Solution Approach 2:
The calibration system acts as an intermediary that establishes the coordinate transformation relationship between radar and camera. By pre-computing extrinsic parameters and configuration parameters, it mediates the integration of data from both sensors, reducing the complexity of real-time fusion.
3Measurement precision
If extrinsic parameter calibration is performed using adaptive projection error, then calibration accuracy is improved, but processing complexity increases
Solution Approach 1:
The patent employs adaptive projection error as a feedback mechanism to iteratively optimize extrinsic parameter calibration.
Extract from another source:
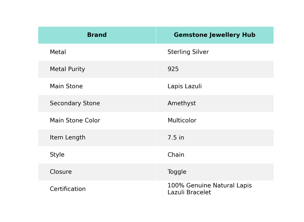 Welcome to Gemstone Treasure Hub Anniversary Gift For Her Lapis Lazuli Gemstone Chain Bracelet 925 Silver Handmade Bracelet, Sterling Silver Bracelet, Lapis Lazuli Bracelet, Handcrafted Bracelet SKU : PB7686-8 Gemstone : Lapis Lazuli Stone Shape : As Seen In Picture Metal Purity : 925 Sterling Silver Bracelet Length : 7.5 Inches Adjustable : ___________________________________________________________________ Shipping Handling - Charge - Free ( Condition apply ) Handling Time - One business day . Delivery Time - 3 to 23 Days ( Various on destination ) Postage service - (A.) India Post - Below $100 order which takes 11 to 23 days . (B.) USPS, Fedex, DHL , Aramax- Order above $100 which takes 3 to 7 days . _________________________________________________________________ Returns - 1. We provide a 100% Money Back Guarantee, excluding shipping costs, within 30 days from the date of item receipt. 2. The item must not be altered or damaged in any way shape or form. 3. Upon receiving these items your payment will be refunded. 4. Kindly reach out to us via email to obtain return instructions prior to initiating the return of merchandise. 5. Please allow up to 1 business day for all returns to receivecredit. 6. Sizing does not affect the return policy. _________________________________________________________________ Payment - We accept PayPal for Payment , should made within three days once buying or winning done , in case of late information expected . _________________________________________________________________ FAQ's - Q.(A) ARE THE ITEMS YOU ARE SELLING BRAND NEW? We exclusively offer brand-new products, refraining from the sale of pre-owned jewelry. Our entire jewelry collection is composed of 100% natural, conflict-free pieces. We do not engage in the trade of imitation or lab-grown gemstones and diamonds. Q.(B) WHAT ARE YOUR BUSINESS HOURS? Our business hours are Monday to Friday, 10:00AM to 6:00PM, excluding holidays. ________________________________________________________________ Gemstone Treasure Hub is dedicated to providing customers with exceptional handmade jewelry crafted to the highest standards of quality. We operate as both connoisseurs and manufacturers of artisanal jewelry, possessing a profound expertise in the art of elevating gemstones to perfectly align with any aesthetic preference. We are pleased to offer you the opportunity to create your own jewelry collection, adorned with authentic and exquisite natural gemstones. Our team of highly skilled artisans painstakingly crafts each individual jewelry piece, ensuring the creation of products with a unique identity that feature genuine gemstones. The jewelry articles presented on our website accurately depict the precise pieces that you will receive.

The system projects radar points to camera image space, calculates projection errors, and adjusts calibration parameters to minimize these errors, achieving high accuracy through iterative refinement.
Solution Approach 2:
The calibration process transforms 3D radar point cloud data into 2D camera image space for comparison and error calculation. This dimensional transformation enables the use of 2D image processing techniques to calibrate 3D spatial parameters, simplifying the overall calibration approach.
Data Source
AI summary
An apparatus comprises an interface and a processor. The interface may be configured to receive pixel data representing a first field of view of a camera and four-dimensional (4D) point cloud data representing a second field of view of a 4D imaging radar sensor. The first field of view of the camera and the second field of view of the 4D imaging radar sensor generally overlap. The processor may be configured to process the pixel data and the 4D point cloud data arranged as video frames and perform an extrinsic parameter calibration for the 4D imaging radar sensor and the camera based on adaptive projection error. The extrinsic parameter calibration may comprise applying a pose calibration process to the video frames. The pose calibration process may use (i) a respective translate vector and a respective rotation matrix for each of the 4D imaging radar sensor and the camera and (ii) a radar corner reflector to obtain configuration parameters for the first field of view of the camera and the second field of view of the 4D imaging radar sensor. The pose calibration process generally comprises capturing data for a plurality of positions of the radar corner reflector between a near-distance value and a long-distance value, and modifying a scale of a projection error of the radar corner reflector based on a size of the radar corner reflector in an image captured by the camera.